Okay, an important idea of generative modeling is the idea of a data distribution. This simply describes how likely some datapoint is to be observed in reality. It's represented in math as p(x) (3/15)

Therefore, images that are likely to be observed have high p(x) (x represents the images) and images that are not common/weird/has artifacts/messed up have low p(x). (4/15)

Now if you want to generate new datapoints, you could either: 1. approximately model p(x) and sample from it - VAEs do this 2. model an approximate sampling function of p(x) but not p(x) itself - GANs do this Diffusion models propose an alternative approach! (5/15)

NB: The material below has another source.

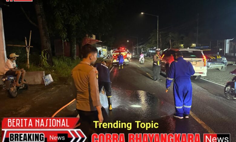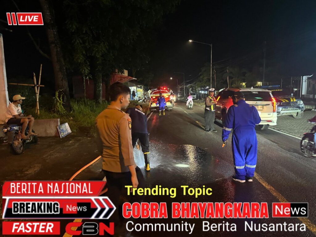 Respon cepat ditunjukkan jajaran Polsek Kalibaru, Polresta Banyuwangi, dalam menangani tumpahan solar di Jalur Provinsi Jember–Banyuwangi, tepatnya di depan Kantor Balai Desa Kalibaru Kulon, Rabu (11/2/2026) sore.
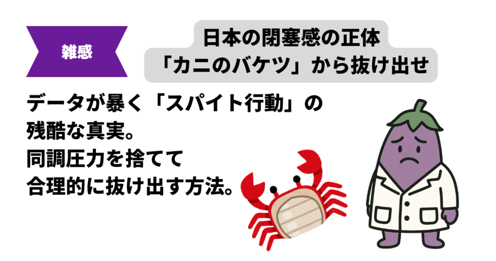 このブログを読むとわかること 現在の日本社会を覆う息苦しさの正体が「スパイト行動(意地悪行動)」であるという事実 SNSで他人の足を引っ張る人間のリアルな属性(データに基づく客観的事実) 同調圧力を無視して自分の目標(資産形成や資格取得など)... 資産形成

What if you knew how changing your datapoint x changes its probability of being observed p(x)? This rate of change is the derivative/gradient of p(x), written as ∇p(x). If you knew ∇p(x) then you could start at a random point & *iteratively* update it following ∇p(x) (6/15)

The question is how can we determine these gradients? We don't know p(x) so how could we get the ∇p(x)? We model it by training a neural network! This neural network will estimate ∇p(x) which we can use in an iterative sampling scheme. (7/15)

But how do we train a neural network to estimate ∇p(x)? The following insight helps: if we add random noise to a datapoint, it results in a datapoint with lower probability, because images with random noise are unlikely to be observed (8/15)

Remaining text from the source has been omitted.